WASHINGTON — Amerisave Mortgage Corp. and its owner have been ordered to pay more than $20 million for allegedly overcharging borrowers and trapping them in higher interest rates than those advertised.
The Consumer Financial Protection Bureau’s order issued Tuesday claims the mortgage lender, an affiliated appraisal company and the owner of both enterprises, Patrick Markert, misled consumers with a “bait-and-switch mortgage scheme.”
Amerisave and its affiliated Novo Appraisal Management Company consented to pay $4.5 million in penalties and refund $14.8 million to affected consumers. Markert will pay an additional $1.5 million penalty.
“Amerisave lured consumers in with deceptive advertising, trapped them with costly upfront fees, and then illegally overcharged them for services from an undisclosed affiliate,” said CFPB Director Richard Cordray in a press release. “By the time consumers could have discovered the advertised low rates were too good to be true, they had already committed to pay hundreds of dollars to Amerisave. Today’s action puts an end to Amerisave’s unacceptable bait-and-switch scheme and holds Patrick Markert personally responsible for his illegal actions.”

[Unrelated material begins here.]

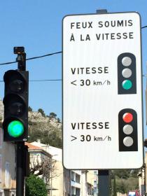 À l'inverse du dispositif précédent de feux asservis à la vitesse, ce système récompense l'automobiliste qui respecte la limitation de vitesse.

Between the middle of 2011 and 2014, the CFPB said, Amerisave posted inaccurate and inconsistent interest rates in banner ads and rate tables shown on third-party websites directing consumers to the company’s own website. The bureau also said consumers were promised interest rates based on credit scores that were higher than they had received. Amerisave also required the consumer to authorize payment for an appraisal before receiving a Good Faith Estimate. The consent order alleges that Amerisave did not disclose to the consumer that Novo was an affiliated company until after the consumer had authorized payment for an appraisal.
According to the CFPB order, the lender also charged consumers for “appraisal validation” reports provided through Novo without informing them that the appraisal company had marked up the cost of the reports by as much as 900%.
“By leading customers to believe they were already obligated to pay such costly fees, often $400 or more, Amerisave restricted consumers’ ability to shop for alternative products and better prices,” the CFPB said in the press release. “Amerisave also marked up the cost of credit reports by as much as 350%, prior to giving consumers a GFE.”
The bureau ordered Markert to pay an individual penalty on charges that he received more than $3 million in indirect profit distributions for requiring consumers to get “appraisal validations” through Novo.
The CFPB has ordered Amerisave to stop advertising misleading interest rates and to stop charging consumers referral fees without disclosing affiliate relationships. It must also hire an independent consultant to review its advertising practices and implement a quality control program. The $14.8 million in refunds that Amerisave and Novo must provide will vary per person depending on how much each consumer paid to the companies, the CFPB said.